The bill transfers part of the litigation cost burden onto providers but leaves key implementation choices unspecified, which will generate litigation about definitions and mechanics. "Litigation costs" is a capacious phrase — does it include only court filing fees and taxed costs, or broader items such as expert witness fees, private investigator costs, deposition expenses, mediation fees, and attorney disbursements? Because the text is silent, lower courts will set the standards, and outcomes could vary across parishes.
Another open question is how the 20% cap is applied: is it 20% of the total litigation costs, 20% of the provider’s own recovered amount, or 20% of the gross recovery before attorney fees and other priorities?

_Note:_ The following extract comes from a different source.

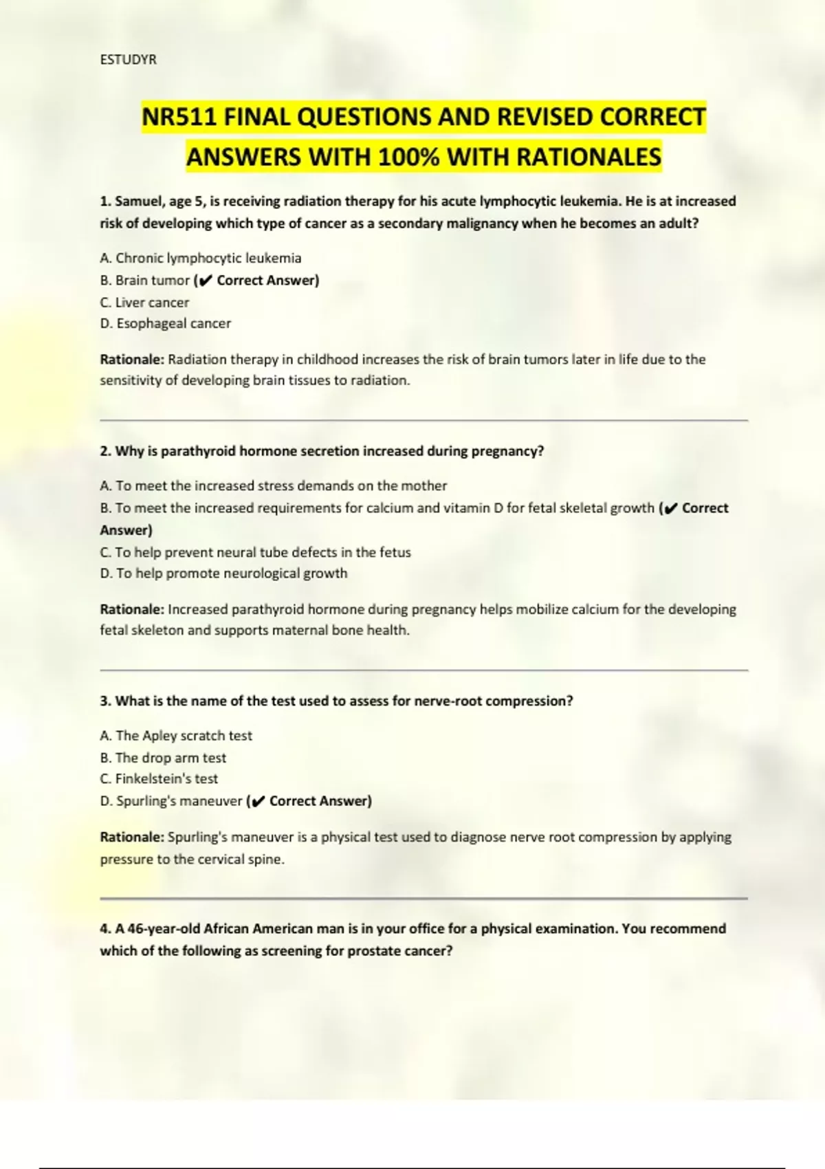 NR511 FINAL QUESTIONS AND REVISED CORRECT
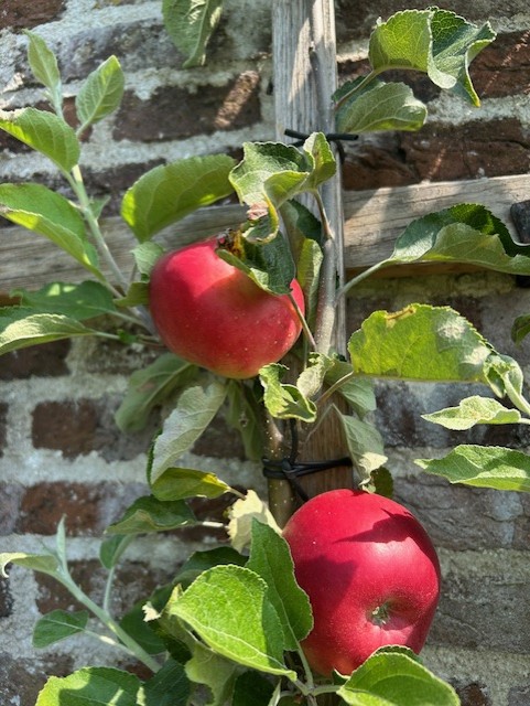 De fruitbomen bevinden zich nu in de moestuin met leifruit van oude fruitrassen.

The statute’s reference to the court ordering the allocation creates judicial discretion but also invites disputes over sequencing — for example, whether a court may allocate costs to a provider after distribution if the settlement documents did not anticipate that obligation.
Those uncertainties increase transaction costs at settlement and create a risk that providers will simply refuse to assert liens for smaller claims to avoid cost exposure.
Finally, the change could interact awkwardly with federal recovery regimes (Medicare/Medicaid) and private subrogation interests, which have their own priority and recovery rules. If a provider is required to pay a portion of litigation costs, that may reduce the pool available to satisfy federal statutory liens or reimbursement obligations, raising potential compliance and repayment issues that the bill does not address.